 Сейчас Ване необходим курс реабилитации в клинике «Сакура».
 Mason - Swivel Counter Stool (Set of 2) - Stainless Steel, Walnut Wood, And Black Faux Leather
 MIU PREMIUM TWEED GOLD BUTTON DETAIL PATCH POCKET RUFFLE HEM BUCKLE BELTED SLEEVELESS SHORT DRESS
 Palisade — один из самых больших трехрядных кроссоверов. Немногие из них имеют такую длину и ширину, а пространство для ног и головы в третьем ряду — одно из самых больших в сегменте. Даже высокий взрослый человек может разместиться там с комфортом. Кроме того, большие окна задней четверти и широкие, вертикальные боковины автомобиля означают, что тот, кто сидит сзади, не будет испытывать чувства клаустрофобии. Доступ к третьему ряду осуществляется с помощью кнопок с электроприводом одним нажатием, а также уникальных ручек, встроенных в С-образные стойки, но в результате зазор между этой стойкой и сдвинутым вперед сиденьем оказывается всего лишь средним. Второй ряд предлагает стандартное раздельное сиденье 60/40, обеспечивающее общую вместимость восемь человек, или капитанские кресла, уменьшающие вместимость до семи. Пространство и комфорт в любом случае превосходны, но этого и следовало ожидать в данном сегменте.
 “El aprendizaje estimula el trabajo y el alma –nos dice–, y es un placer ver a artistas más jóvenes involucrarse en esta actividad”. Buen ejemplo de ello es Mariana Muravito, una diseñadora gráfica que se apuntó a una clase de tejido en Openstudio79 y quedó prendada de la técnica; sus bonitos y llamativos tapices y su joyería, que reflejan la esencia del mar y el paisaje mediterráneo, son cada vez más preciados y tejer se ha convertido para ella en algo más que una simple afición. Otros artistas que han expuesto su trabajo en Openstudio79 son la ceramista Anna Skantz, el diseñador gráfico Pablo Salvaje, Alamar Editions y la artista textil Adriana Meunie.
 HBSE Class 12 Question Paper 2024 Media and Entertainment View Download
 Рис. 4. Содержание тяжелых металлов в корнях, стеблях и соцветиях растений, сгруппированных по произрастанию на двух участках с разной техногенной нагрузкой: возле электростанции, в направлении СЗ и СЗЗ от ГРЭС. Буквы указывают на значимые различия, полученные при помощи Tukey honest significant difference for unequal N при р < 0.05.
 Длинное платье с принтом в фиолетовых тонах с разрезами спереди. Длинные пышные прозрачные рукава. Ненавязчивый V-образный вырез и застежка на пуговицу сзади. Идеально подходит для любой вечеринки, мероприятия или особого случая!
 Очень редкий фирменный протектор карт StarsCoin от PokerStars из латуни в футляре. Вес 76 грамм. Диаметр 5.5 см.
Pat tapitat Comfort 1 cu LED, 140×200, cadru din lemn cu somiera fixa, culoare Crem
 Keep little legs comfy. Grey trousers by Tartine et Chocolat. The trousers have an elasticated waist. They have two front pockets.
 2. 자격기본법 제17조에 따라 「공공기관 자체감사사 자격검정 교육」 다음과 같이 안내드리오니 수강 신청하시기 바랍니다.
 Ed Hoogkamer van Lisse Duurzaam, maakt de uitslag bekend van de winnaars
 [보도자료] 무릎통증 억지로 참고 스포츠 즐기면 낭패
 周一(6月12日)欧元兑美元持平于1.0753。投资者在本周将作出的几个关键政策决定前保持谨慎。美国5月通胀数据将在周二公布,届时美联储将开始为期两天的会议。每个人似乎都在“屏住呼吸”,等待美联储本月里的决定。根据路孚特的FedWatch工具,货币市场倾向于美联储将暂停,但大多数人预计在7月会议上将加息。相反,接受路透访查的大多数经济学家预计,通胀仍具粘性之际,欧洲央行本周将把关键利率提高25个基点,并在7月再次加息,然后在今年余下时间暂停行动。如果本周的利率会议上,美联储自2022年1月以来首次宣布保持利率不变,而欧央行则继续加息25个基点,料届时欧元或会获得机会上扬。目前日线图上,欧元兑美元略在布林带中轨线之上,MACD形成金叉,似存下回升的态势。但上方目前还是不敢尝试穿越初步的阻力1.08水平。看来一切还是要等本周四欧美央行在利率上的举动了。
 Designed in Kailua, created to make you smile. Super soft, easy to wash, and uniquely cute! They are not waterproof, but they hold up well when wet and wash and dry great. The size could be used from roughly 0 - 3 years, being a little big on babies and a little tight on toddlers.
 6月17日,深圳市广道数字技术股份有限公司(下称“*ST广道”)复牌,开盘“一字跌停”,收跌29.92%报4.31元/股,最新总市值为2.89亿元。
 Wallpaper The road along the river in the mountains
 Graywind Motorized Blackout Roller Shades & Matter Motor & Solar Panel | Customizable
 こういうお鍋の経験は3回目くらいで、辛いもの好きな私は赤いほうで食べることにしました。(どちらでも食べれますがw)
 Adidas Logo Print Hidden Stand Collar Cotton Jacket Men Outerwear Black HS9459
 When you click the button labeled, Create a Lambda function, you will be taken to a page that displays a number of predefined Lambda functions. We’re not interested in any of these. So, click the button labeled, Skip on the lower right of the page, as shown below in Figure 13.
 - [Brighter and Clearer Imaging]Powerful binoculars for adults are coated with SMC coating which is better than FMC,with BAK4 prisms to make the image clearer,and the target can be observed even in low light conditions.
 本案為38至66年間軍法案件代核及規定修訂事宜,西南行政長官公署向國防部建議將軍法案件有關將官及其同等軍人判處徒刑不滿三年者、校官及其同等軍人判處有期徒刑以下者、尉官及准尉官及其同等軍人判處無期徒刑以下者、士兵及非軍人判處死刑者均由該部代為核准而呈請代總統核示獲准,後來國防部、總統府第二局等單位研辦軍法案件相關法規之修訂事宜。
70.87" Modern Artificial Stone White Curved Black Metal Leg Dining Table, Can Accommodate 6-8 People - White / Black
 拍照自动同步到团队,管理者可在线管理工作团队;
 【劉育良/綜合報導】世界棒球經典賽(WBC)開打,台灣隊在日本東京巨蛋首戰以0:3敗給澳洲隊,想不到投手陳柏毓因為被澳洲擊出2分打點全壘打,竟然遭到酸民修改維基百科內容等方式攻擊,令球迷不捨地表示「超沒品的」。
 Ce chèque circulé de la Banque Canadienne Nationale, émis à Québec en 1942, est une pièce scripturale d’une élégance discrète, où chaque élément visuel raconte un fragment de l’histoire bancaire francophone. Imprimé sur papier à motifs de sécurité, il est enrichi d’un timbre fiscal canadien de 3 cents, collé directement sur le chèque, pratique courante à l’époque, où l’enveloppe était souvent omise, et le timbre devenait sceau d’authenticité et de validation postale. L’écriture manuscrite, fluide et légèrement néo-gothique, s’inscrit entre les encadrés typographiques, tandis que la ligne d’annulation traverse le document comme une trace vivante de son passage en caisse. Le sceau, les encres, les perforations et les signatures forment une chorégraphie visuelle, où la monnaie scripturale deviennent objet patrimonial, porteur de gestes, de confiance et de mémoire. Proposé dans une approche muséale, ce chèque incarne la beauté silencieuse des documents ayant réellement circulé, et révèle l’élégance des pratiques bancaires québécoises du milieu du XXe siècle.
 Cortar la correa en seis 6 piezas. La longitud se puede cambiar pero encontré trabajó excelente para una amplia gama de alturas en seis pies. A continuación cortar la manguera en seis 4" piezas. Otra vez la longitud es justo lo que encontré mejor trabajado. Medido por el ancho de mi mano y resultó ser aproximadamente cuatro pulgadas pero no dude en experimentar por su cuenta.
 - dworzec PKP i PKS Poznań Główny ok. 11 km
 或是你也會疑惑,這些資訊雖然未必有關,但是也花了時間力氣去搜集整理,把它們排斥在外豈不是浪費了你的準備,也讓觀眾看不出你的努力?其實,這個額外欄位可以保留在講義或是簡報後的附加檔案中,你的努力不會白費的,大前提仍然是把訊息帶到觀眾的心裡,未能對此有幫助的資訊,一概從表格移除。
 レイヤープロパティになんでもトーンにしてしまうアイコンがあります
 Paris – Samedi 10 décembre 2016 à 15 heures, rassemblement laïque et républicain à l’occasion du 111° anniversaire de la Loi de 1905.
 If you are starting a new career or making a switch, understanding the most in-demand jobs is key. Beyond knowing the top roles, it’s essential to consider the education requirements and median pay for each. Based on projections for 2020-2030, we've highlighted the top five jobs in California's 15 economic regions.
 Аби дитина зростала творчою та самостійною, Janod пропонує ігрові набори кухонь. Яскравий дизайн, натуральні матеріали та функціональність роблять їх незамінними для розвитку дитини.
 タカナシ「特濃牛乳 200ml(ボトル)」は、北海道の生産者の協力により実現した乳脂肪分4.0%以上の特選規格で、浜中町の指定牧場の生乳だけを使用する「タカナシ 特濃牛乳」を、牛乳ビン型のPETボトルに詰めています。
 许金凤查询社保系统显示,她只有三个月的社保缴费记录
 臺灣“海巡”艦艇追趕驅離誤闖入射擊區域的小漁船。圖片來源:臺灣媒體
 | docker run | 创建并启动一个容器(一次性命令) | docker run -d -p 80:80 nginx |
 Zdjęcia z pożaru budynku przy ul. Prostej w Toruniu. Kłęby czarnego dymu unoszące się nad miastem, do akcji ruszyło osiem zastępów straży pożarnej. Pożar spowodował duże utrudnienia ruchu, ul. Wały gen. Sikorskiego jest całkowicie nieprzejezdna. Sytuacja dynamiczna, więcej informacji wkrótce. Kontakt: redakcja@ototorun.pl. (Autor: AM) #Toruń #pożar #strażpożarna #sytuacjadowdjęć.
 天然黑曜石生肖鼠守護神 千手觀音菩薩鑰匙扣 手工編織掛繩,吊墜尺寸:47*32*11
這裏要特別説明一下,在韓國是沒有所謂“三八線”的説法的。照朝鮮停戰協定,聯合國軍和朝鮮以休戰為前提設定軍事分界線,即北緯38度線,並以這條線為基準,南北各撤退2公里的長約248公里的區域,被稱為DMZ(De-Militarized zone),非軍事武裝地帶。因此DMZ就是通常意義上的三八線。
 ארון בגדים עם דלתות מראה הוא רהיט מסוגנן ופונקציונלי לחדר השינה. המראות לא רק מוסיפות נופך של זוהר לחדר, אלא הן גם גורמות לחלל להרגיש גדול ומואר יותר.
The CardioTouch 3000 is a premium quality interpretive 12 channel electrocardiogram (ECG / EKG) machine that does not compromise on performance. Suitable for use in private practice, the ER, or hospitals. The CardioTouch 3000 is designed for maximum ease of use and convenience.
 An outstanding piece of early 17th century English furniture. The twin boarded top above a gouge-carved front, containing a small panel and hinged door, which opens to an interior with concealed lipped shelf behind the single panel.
........
▸ **Required action**: Across the entries above, how many lines contain "little"? Provide only the count.

▸ **Solution below**: 2